Contra - alegou o Vereador do Pelouro do Urbanismo da Câmara Municipal de Setúbal sustentado que o mesmo não deveria ser admitido - por falta de legitimidade do recorrente.
Por acórdão deste STA, proferido ao abrigo do disposto no art. 150º, n.º 5 do CPTA, foi admitida a revista.
A Ex.ma Procuradora Geral Adjunta, neste Supremo Tribunal, interveio nos autos emitindo o seguinte parecer:
“Salvo melhor opinião, o presente recurso de revista não merece provimento.
Considerado o disposto no art° 173° do CPTA, na execução de sentença deverá a Administração praticar todos os actos jurídicos e materiais necessários à reintegração da ordem jurídica violada, segundo o critério da reconstituição da situação actual hipotética. Terá que reconstituir a situação que existiria se o acto ilegal não tivesse sido praticado - cfr Freitas do Amaral, in A Execução das Sentenças dos Tribunais Administrativos, p. 51 a 56.
No caso aqui em questão a execução de julgado consubstancia-se na reapreciação do projecto de arquitectura, sem que a Administração possa incorrer nos vícios que determinaram a anulação.
Assim entendeu a sentença do TAF. Na parte decisória, a Câmara é condenada a apreciar, não a aprovar, o projecto de arquitectura, nos termos do DL 445/91, de 20.11, alterado e republicado pelo DL n° 250/94, de 15.10, ponderando o seu enquadramento à luz da legislação superveniente, designadamente, o P000 Sintra-Sado e o POPNA e efectuando consultas necessárias ao Ministério do Ambiente, do Ordenamento do Território e do Desenvolvimento Regional e respectivos serviços.
E essa reapreciação à luz do quadro jurídico então aplicável ao acto anulado poderá conduzir ao deferimento, ou ao indeferimento, do pedido de aprovação do projecto de arquitectura. Os limites objectivos do caso julgado não obstam a que a Administração pratique um acto de sentido idêntico ao anulado, desde que liberto dos mencionados vícios - Cfr, neste sentido, o acórdão deste STA, do T. Pleno, de 2003.05.08, processo, 40821-A, bem como os arestos aí citados a este propósito.
Nesta linha, segundo a sentença, na hipótese da legislação então aplicável conduzir a um deferimento (refere a sentença o “eventual deferimento do projecto de arquitectura”), deverá então a Câmara ter em conta a legislação superveniente que colida com a sua prática, sendo que tal situação poderá constituir uma situação de causa legítima de inexecução de sentença, eventualmente invocável.

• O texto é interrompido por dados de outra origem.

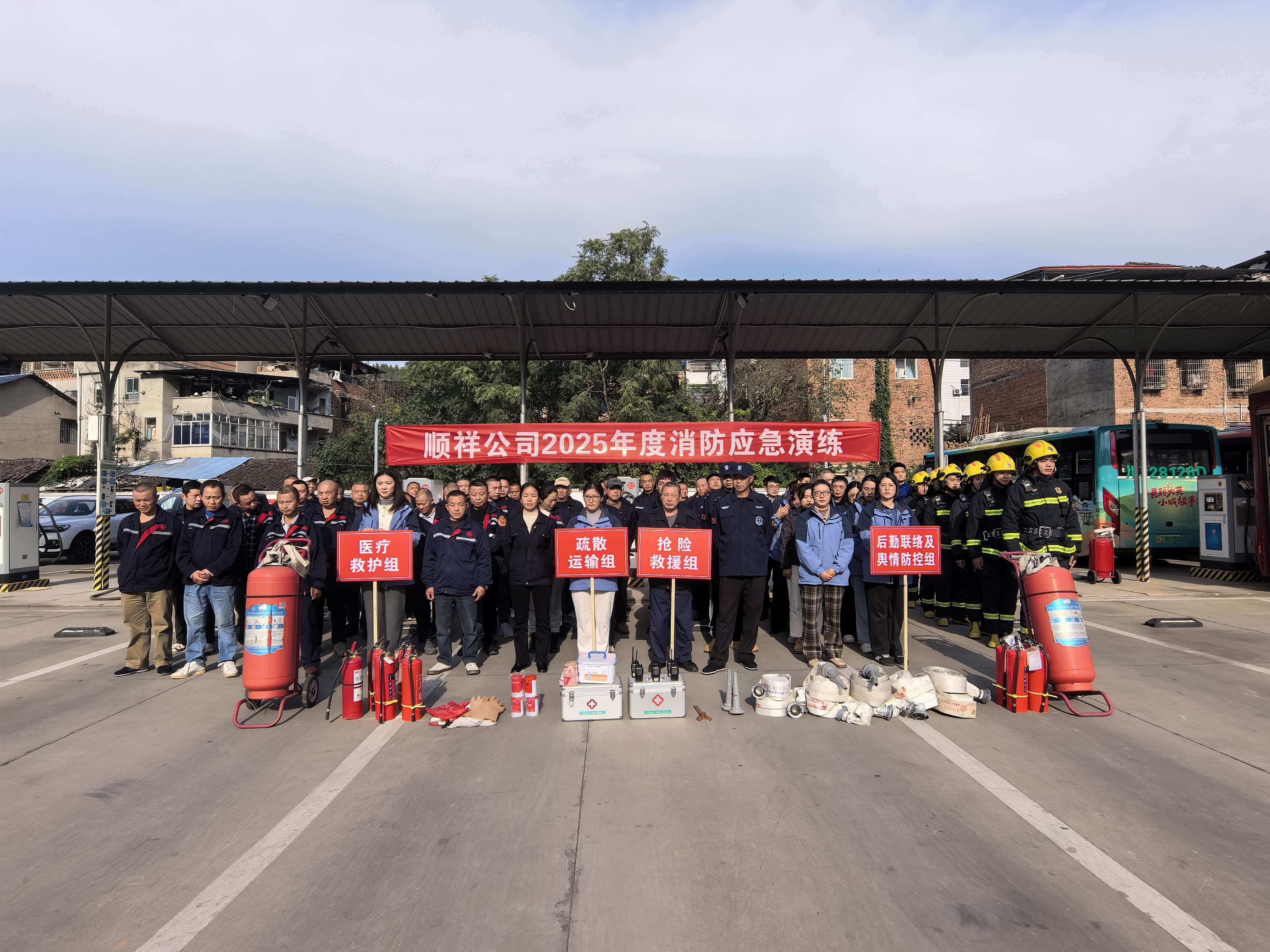 以练筑防,筑牢出行“安全盾”——大英消防深入顺祥公司组织开展公交消防应急演练

Pelo exposto, parece-nos não merecer censura o entendimento do acórdão recorrido acerca do conteúdo da sentença do TAF.
Nestes termos, emitimos parecer no sentido de ser negado provimento à revista.”
A recorrente foi notificada do parecer do M.P. e respondeu sustentando a necessidade do acto de execução ser um acto de deferimento do projecto de arquitectura.

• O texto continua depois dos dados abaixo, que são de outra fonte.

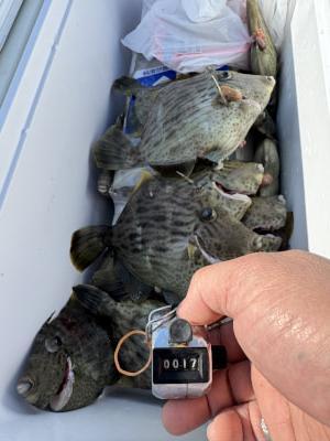 カワハギ | 18〜24cm | 17匹 | 胴付き仕掛け、重り30号 |
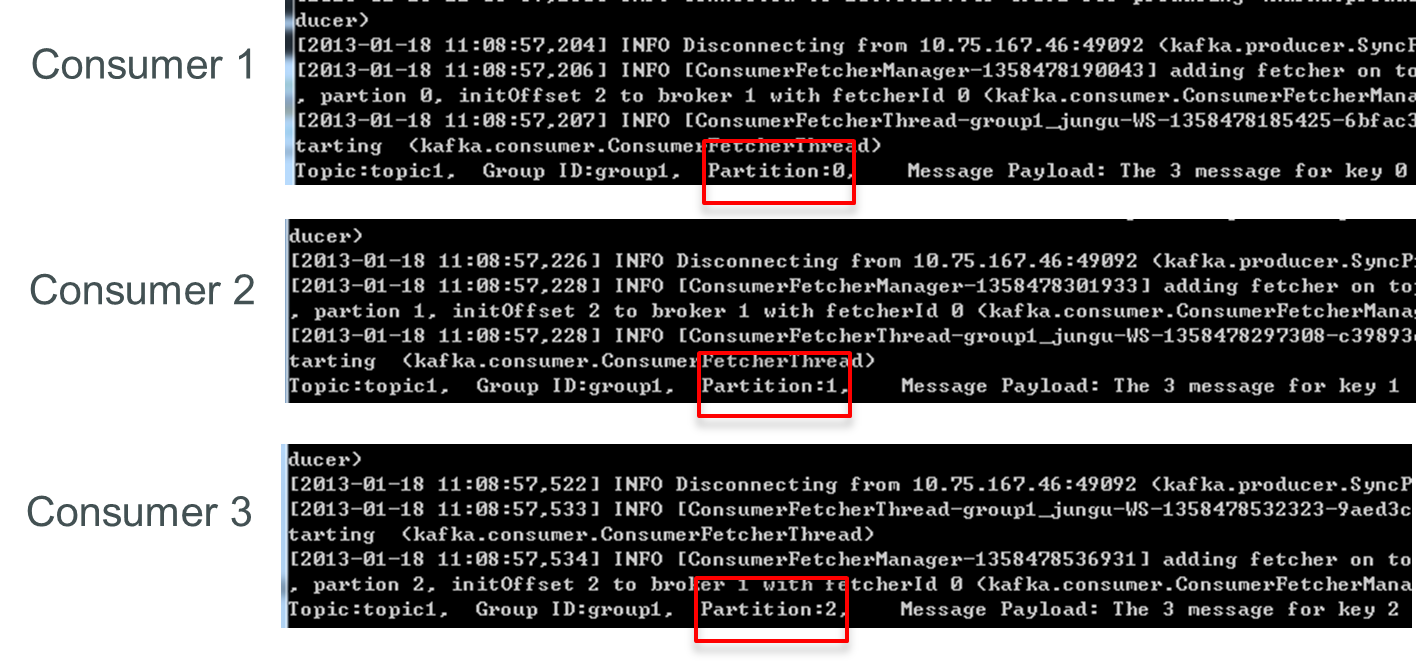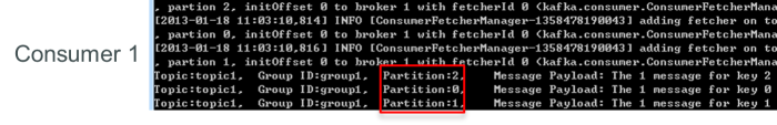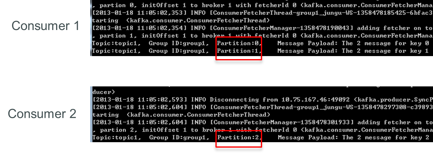 增加一个Consumer(consumer2)后,其中一个Consumer(consumer1)可消费2个Partition的数据(Partition 0和Partition 1),另外一个Consumer(consumer2)可消费另外一个Partition(Partition 2)的数据。

Colhidos os vistos legais, foi o processo submetido à conferência para julgamento.
2. Fundamentação
2.1. Matéria de facto
A matéria de facto é a que foi dada como provada na 1ª instância, dada como reproduzida no acórdão do Tribunal Central Administrativo Sul.
2.2. Matéria de Direito
2.2.1. Objecto do recurso
No acórdão preliminar que admitiu a revista o STA considerou relevantes as questões relacionadas com a execução de julgado anulatório de acto administrativo de indeferimento do pedido de licenciamento de obra e com a interferência em tal execução da legislação superveniente em matéria de ordenamento do território ou ambiente.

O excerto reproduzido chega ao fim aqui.